The chart below compares the movement of several index-based exchange-traded funds (ETFs), each of which focus on a particular asset class. Invesco's Nasdaq 100 index ETF (QQQ) tops the list for the last two months, followed by State Street's S&P 500 Growth index fund (SPYG), and iShares Russell 2000 index fund (IWM).
In last place among this group is the S&P 500 Value ETF (SPYV). This fund holds companies that pay good dividends and have strong and long-running business operations. Examples include Johnson and Johnson (JNJ) and Verizon (VZ). The notion behind constructing such funds is that these companies represent a solid value that is sure to perform well over time without requiring investors to take unnecessary risk along the way.

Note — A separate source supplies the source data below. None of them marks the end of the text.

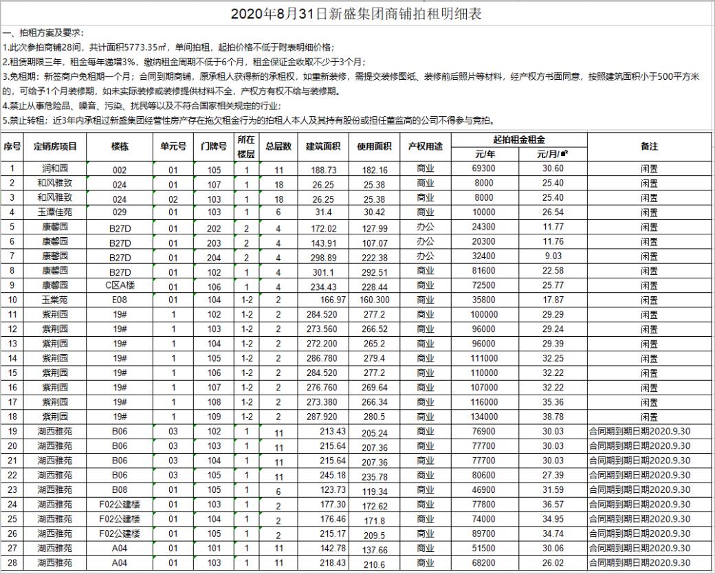 潤(rùn)和園、和風(fēng)雅致、玉潭佳苑、康馨園、玉棠苑、紫荊園、湖西雅苑等。拍租商鋪約28間,面積分別為數(shù)十至數(shù)百平米不等。社區(qū)商鋪?zhàn)馄谌辏?/SPAN>詳情請(qǐng)登錄本公司網(wǎng)站或微信公眾號(hào)查詢。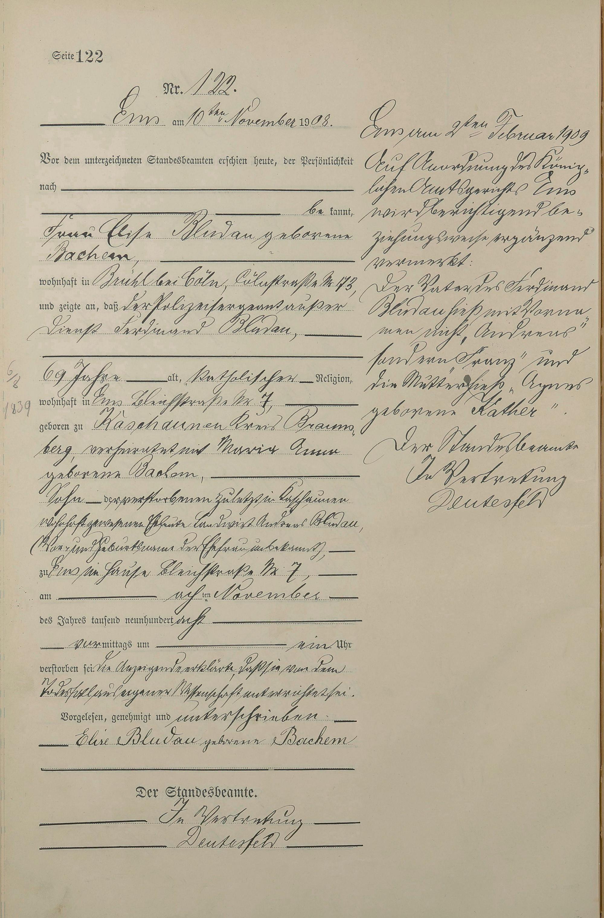 Sterberegister 1908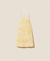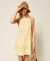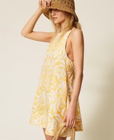 Short cotton poplin dress with botanical print exclusive to Twinset. Thin adjustable shoulder straps, waist seam, side seam pockets, elasticated waist at the back with drawstring with sea-themed metal ends, heart-shaped metal logo at the back, flared fit.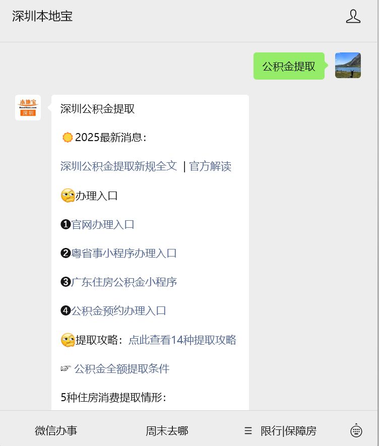 温馨提示:微信搜索公众号【深圳本地宝】,关注后在对话框回复【公积金提取】可获取深圳公积金提取入口,公积金提取全攻略,哪些情况可以全额提取,租房/买房怎么提取,买房首付怎么提取,提取到账时间、公积金账户余额和线下办理网点查询入口等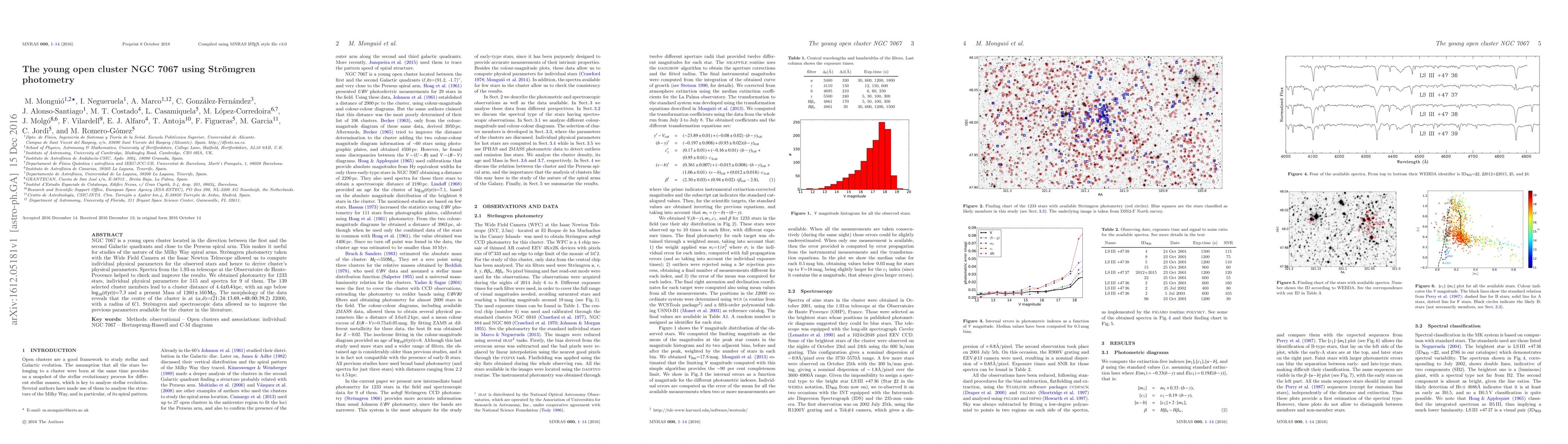 NGC 7067 is a young open cluster located in the direction between the first and the second Galactic quadrants and close to the Perseus spiral arm. This makes it useful for studies of the nature of the Milky Way spiral arms. Stromgren photometry taken with the Wide Field Camera at the Isaac Newton Telescope allowed us to compute individual physical parameters for the observed stars and hence to derive cluster's physical parameters. Spectra from the 1.93-m telescope at the Observatoire de Haute-Provence helped to check and improve the results. We obtained photometry for 1233 stars, individual physical parameters for 515 and spectra for 9 of them. The 139 selected cluster members lead to a cluster distance of 4.4+/-0.4 kpc, with an age below log10(t(yr))=7.3 and a present Mass of 1260+/-160Msun. The morphology of the data reveals that the centre of the cluster is at (ra,dec)=(21:24:13.69,+48:00:39.2) J2000, with a radius of 6.1arcsec. Stromgren and spectroscopic data allowed us to improve the previous parameters available for the cluster in the literature.

So what does it say when investors are brushing aside such instruments? It says that today's investors are seeking opportunity to an unusually strong degree--more so than in the past several years. This condition is usually a dangerous thing, but historically it is easy to demonstrate that markets can continue in this state for a long time. As one point of reference, the market doubled over the three years AFTER Alan Greenspan made his famous remark about "irrational exuberance" at the end of 1996. ![]() Where Technology Sector Goes, the Market Will Follow
The chart below compares both QQQ and iShares' Russell Microcap stock index ETF (IWC) with three stocks within this sector that investors will want to keep an eye on. If any of them shows weakness during the next three weeks of earnings season, it will likely indicate a coming change of trend for the overall market in the days and weeks following that signal. Amazon (AMZN), Nvidia (NVDA), and Twilio (TWLO) are all riding higher right now. If any of them stops hitting new highs along the way, chart watchers should take notice and act accordingly. ![]()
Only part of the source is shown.